Due to each circuit board plant use to move back tin or tin plating technique and method for recovering waste liquid different, make the tin-stripping wastewater complicated component, and component fluctuation is very large.According to present investigation and analysis, tin-stripping wastewater can be divided into following three kinds:
The first is the tin-stripping wastewater I that contains more solid sediment, and this kind throw out is white, and main component is cassiterite (SnO
2), supernatant liquor is the green solution that contains a small amount of copper, but this tin-stripping wastewater storage is little.

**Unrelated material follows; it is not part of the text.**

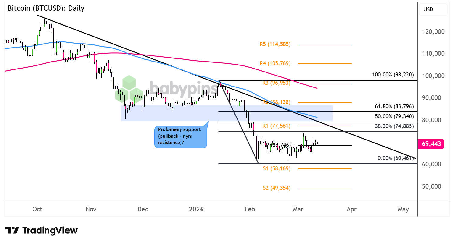 Vývoj BTC/USD (denní graf – D1):

The second is green muddy tin-stripping wastewater II.The characteristics of this kind tin-stripping wastewater II are obviously solid sediments of solution nothing itself, and solution is the colloidal sol shape than thickness, and proportion is 1.42~1.48g/cm
3, can see through common filter paper, only stay a small amount of sticky shape foreign material on the filter paper surface, this tin-stripping wastewater accounts for 85% left and right.Comparison of ingredients is complicated, mainly contains the metallic elements such as Sn, Cu, Fe, Pb, and its main component is as shown in table-1.

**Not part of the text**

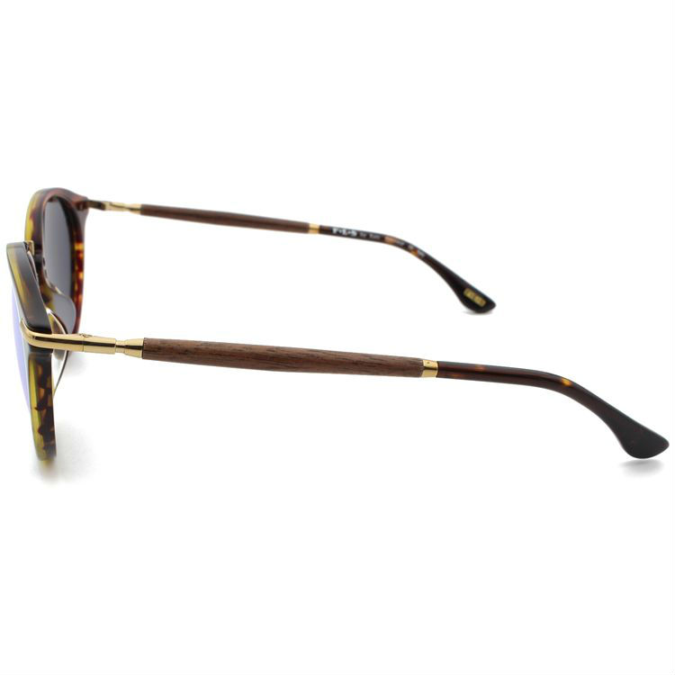 This pair of fashion sunglasses is just perfect to round off your hippy-inspired look. The classy design blends tortoiseshell and wood patterns along the rims and temples and curved ends for added appeal. Molded with acetate, a sought-after material, this glasses ensures sturdiness for lasting use.

Table-1 tin-stripping wastewater II main component
| Composition | Sn | Cu | Pb | Fe |
| g/L | 50~150 | 30~50 | 40~60 | 10~40 |
Table-2 tin-stripping wastewater III supernatant liquor main components
| Composition | Sn | Cu | Pb | Fe | Ni |
| g/L | 0.10~1.00 | 1.00~10.00 | 0.001~0.100 | 0.001~0.020 | 0.001~0.010 |
[0010]The third is the tin-stripping wastewater III after the long-term storage natural sedimentation, and a small amount of white cassiterite precipitation (SnO is arranged at its bottom
2), supernatant liquor is main cupric by analysis, and other component content is less, and its composition is as shown in table-2.
Analyzing the situation of above-mentioned three kinds of tin-stripping wastewaters can find out, tin-stripping wastewater I and tin-stripping wastewater III foreign matter content are few, and main component is comparatively single, relatively is easy to process.And tin-stripping wastewater II complicated component, several metals have certain content, and have higher reclamation value.Tin-stripping wastewater II is that in similar waste water, intractability is maximum but that output is the highest is a kind of.

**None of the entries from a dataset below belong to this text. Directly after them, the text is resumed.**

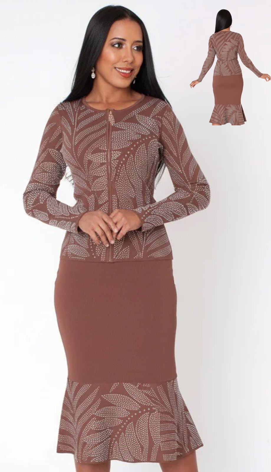 - 2pc Elegant Knit Suit Set Features Long Sleeve Rhinestone Design
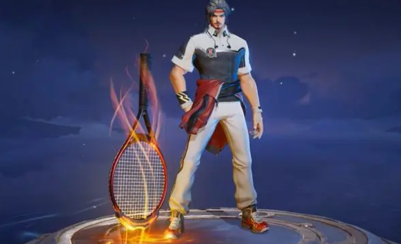 全新户外运动休闲形象,整体以黑、白、红的配色为主,他佩戴以老虎形象为印花的亮眼徽章,腰间随意的栓着红色的运动外套,火焰纹路装饰于服装的各处细节之中,武器创意化为酷炫、帅气的网球拍,曹操一手拿着网球拍,一手拿着网球,充满运动活力。
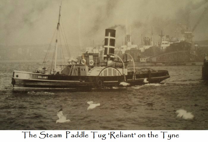 The Tyne built Ridley tugs paddle tug Reliant with Brigham & Cowans dockyard in the background
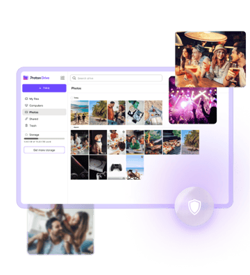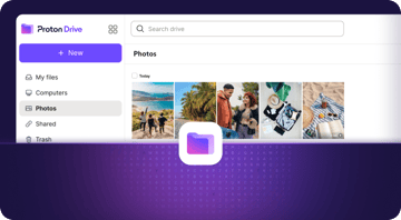 Proton Drive, güvenli bir depolama alanı sunarak değerli anılarınızı mobil aygıtınızdan veya tarayıcınızdan yedeklemenizi ve paylaşmanızı sağlar.
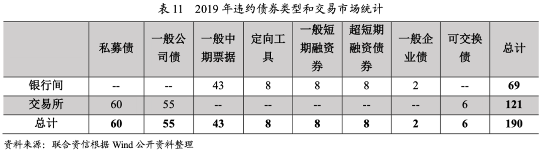 2019年,信用債到期規模高企,進入回售期的信用債規模同比大幅增長,疊加經濟增速換擋及金融去杠桿帶來的信用收縮,弱資質高杠桿企業償債壓力依然很大,債券市場延期2018年態勢,信用風險整體維持在較高水平,交易所和銀行間市場共計73個主體違約,涉及190只債券。

Current, generally take ammonification or bicarbonate of ammonia neutralisation to process to tin-stripping wastewater, tin, iron, copper in tin-stripping wastewater are precipitated forms tin mud.This tin mud is sold relevant little smeltery as the raw material of reduction tin metallurgy and is processed.There is serious drawback in this treatment process, and the alkaline residue after precipitation is as the raw material of pyrometallurgical smelting on the one hand, and the valuable metal recovery utilization ratio is lower, and waste is serious, also has the risk of serious secondary pollution.
Also have maturing temperature higher (up to 850~950 ℃) in some techniques of processing tin-stripping wastewater, the reaction times is grown (2.5~5 hours), will certainly greatly increase energy consumption, not only increases cost, also is unfavorable for environment protection.
Therefore, for the character characteristics of circuit board tin-stripping wastewater, overcome the many disadvantages that existing processing mode exists, seek a kind of high efficiente callback and utilize its valuable metal and its innoxious method is had important practical significance.
Summary of the invention
In order to address the above problem, the invention provides a kind of method of utilizing tin-stripping wastewater to prepare sodium stannate, can overcome the defective of existing tin-stripping wastewater treatment process, simplify technique, significantly reduce energy consumption, reduced cost, can also obtain better quality product, obtain remarkable benefit.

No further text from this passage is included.